Youtani · 06/12/2024 12:58

Is anyone here a child of immigrant parents who has tried hard to integrate but still feels out of place at times?

I grew up with parents who really tried hard to instil their culture and religion in their children. I’ve moved away from a lot of that now but I still feel like I’m often on the edge of British society. This mostly happens where there are conversations happening around me about topics that never really featured in my childhood such as tv, music, films, sport, alcohol, food. I suppose some of that “space” was filled with things from our heritage culture that a British person couldn't relate to. I have learnt a few bits and pieces now but I feel like I can never make up for the many years of immersion in this stuff that my peers had that I missed out on. I see people around me talking about the plots of films that they all seemed to know from their childhood whilst I sit there feeling totally clueless. Sometimes I think I should try to learn more about these things in order to try to fit in but it also feels a little inauthentic. Does anyone else feel this way at all?

OP posts:
Xmasbeckons · 06/12/2024 13:41

My partner is a second generation British Asian. I find his stories about his childhood far more interesting than my boring white British childhood. Please don’t feel you have to pretend to be something you’re not!

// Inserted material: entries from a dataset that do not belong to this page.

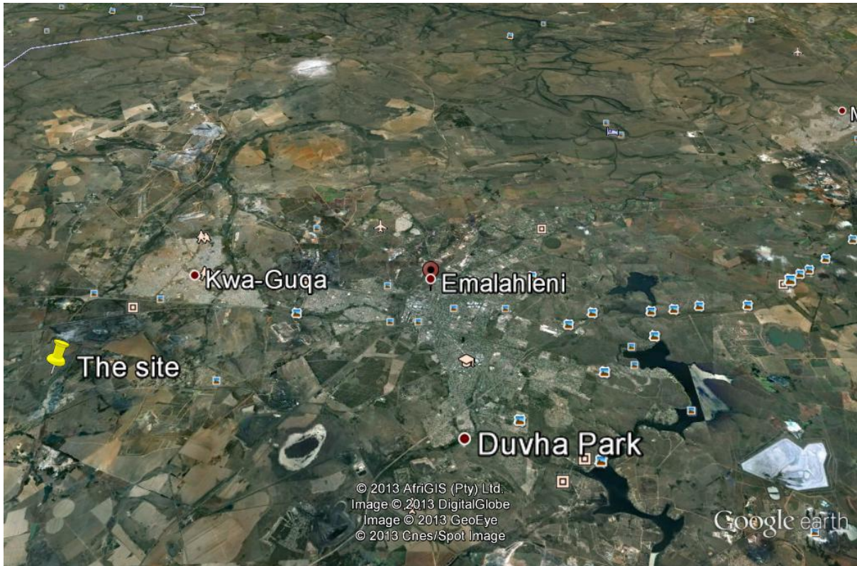
Figure 2 Location of the site in relation to Emalahleni. North reference is to the top.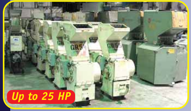
VIEW OF GRANULATORS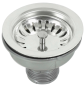
Basket Waste Strainer 15 L/min Rating, Suits 59OI ZZ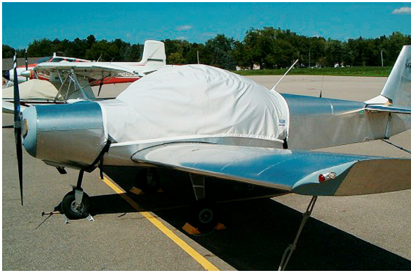
Zenith 650 Canopy Cover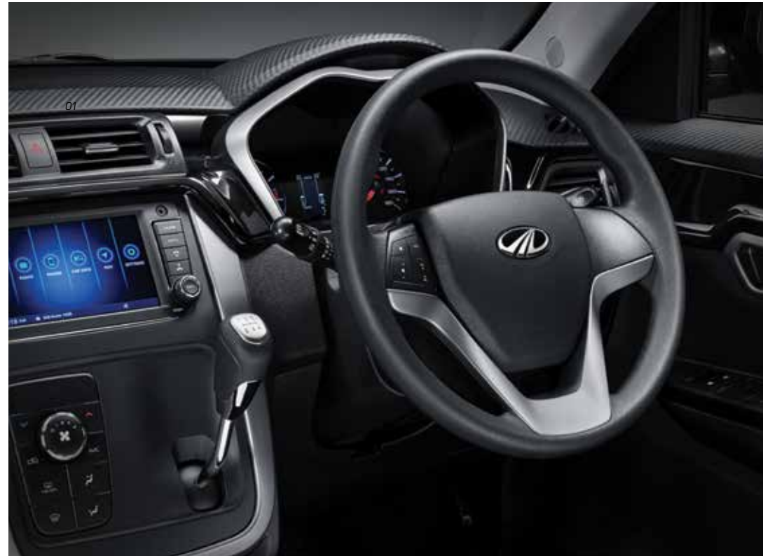
ELECTRIC POWER STEERING WITH STEERING MOUNTED CONTROLS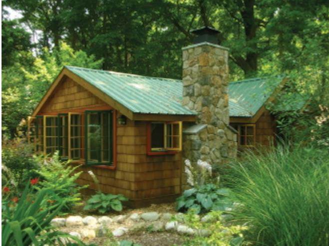
SITE 5 -- TIMBER BLUFF | 1920s-1950s 2729 Lakeshore Drive, Fennville

The ultimate in cottage charm and whimsy. Six little cottages facing Lake Michigan -- all recently brought back to life.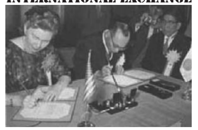
▲May 24, 1961 — signing ceremony of the Sister City Agreement in the auditorium of Seido Elementary School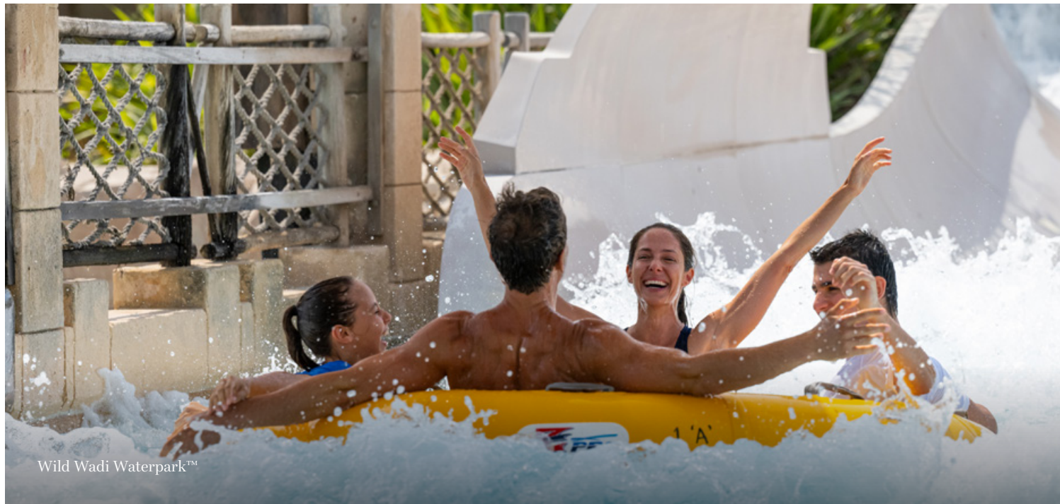
Wild Wadi Waterpark™

Lentilweaver · 06/12/2024 13:44

I am..I see it as an advantage that I can make cheap and lovely veggie food but I can also discuss Dr Who.
I don't try hard to fit in. I can be betwixt and between. No need to have a label.

Wistfuller · 06/12/2024 13:45

I think you need to ask yourself why it's so important to you to feel you had the same childhood as other people? I was an immigrant in the UK myself for nearly a quarter of a century, and had had a completely different childhood to most of the people I knew, but I never felt it was a problem. Even back in my home country, I certainly don't share a lot of childhood commonalities in terms of the stuff you mention with my friends.

Maybe widen your circles?

Lentilweaver · 06/12/2024 13:49

We don't need to know the plot of every British film or TV show to integrate. I dont like Bollywood or cricket, but I also don't eat meat and I dislike pubs. So what really? We are all individuals.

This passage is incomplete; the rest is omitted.